When I was in middle school math class, my teacher happened to be my best friend’s dad and was a great mentor to me. He taught us one day the importance of setting specific goals with specific time frames, writing them down and working toward them. That concept really clicked with me, and I have been doing it ever since. Now, the point at which my job (occupational therapist) and my husband’s job (healthcare reimbursement) meet is in the process of setting specific, measurable goals for my patients that must be met in a specific amount of time in order to be reimbursed for the services provided. On Jian’s first day of intensive therapy 3 weeks ago, we set specific goals for her and a pre-test was done. Today, a post-test was done to evaluate the effectiveness of the treatment in reaching those goals. Here were some of the results:
- Jian is now agreeable to wearing inserts in both shoes which provide support and protect her joints.
- She can walk all over the place wearing a weighted backpack.
- She can carry a bulky item in one hand while walking across the room with a cane.
- She stands and uses a handrail to walk up and down stairs beautifully.
- She has much more confidence walking in front of others.
- She has begun the process of being able to get out of the car and walk into an appointment without someone walking in with her.
- She has the physical ability to walk community distances (mall, grocery store) now.
- The distance she walked today in 6 minutes vs. 3 weeks ago increased by almost 50%!
- The speed she walked today for short distances increased by30% vs. 3 weeks ago!
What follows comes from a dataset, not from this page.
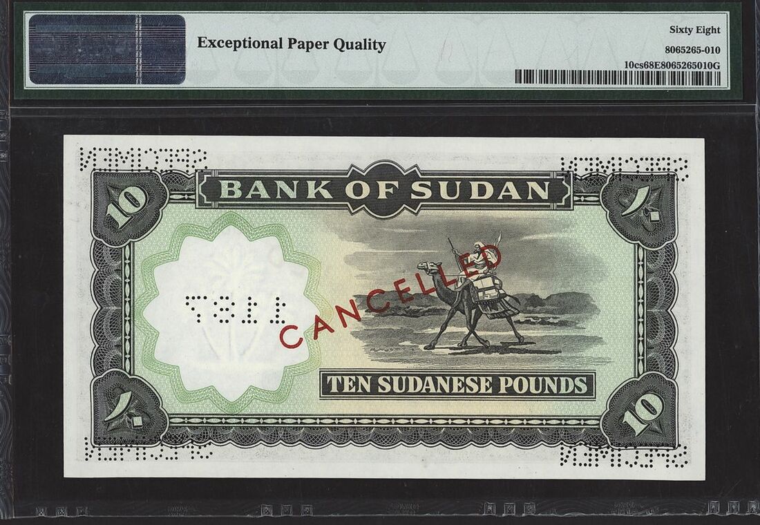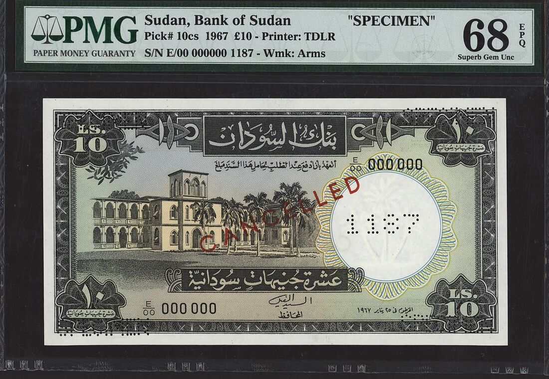 (x) Bank of Sudan, [Top Pop] specimen £10, 1967, serial number E/00 000000 1187, (Pick 10cs, BNB 305), in PMG holder 68 EPQ Superb Gem Uncirculated (0 finer)

When he was finished reviewing everything with me, her therapist’s response was, “We typically just do not see THIS level of progress.”
I couldn’t be more pleased, and she is so proud of herself. We have ordered her a set of cool blue crutches that we are going to encourage her to use for now so that she can be fast and independent with walking anywhere she wants. This is going to be a process and take time. She is still not ok with bringing the crutches home or using them in public. If you see her with them and if you are close to her and typically joke around with her, it may be good to emphasize how great she is walking and that she can walk all by herself without holding someone’s hand and maybe even joke and ask if you can try out the crutches. Just follow her lead.
The day that I can drive through carpool, have her grab her crutches, put on her backpack and walk into the school confidently and independently will be another day of celebration. The time table I am putting on this goal is within the upcoming school year!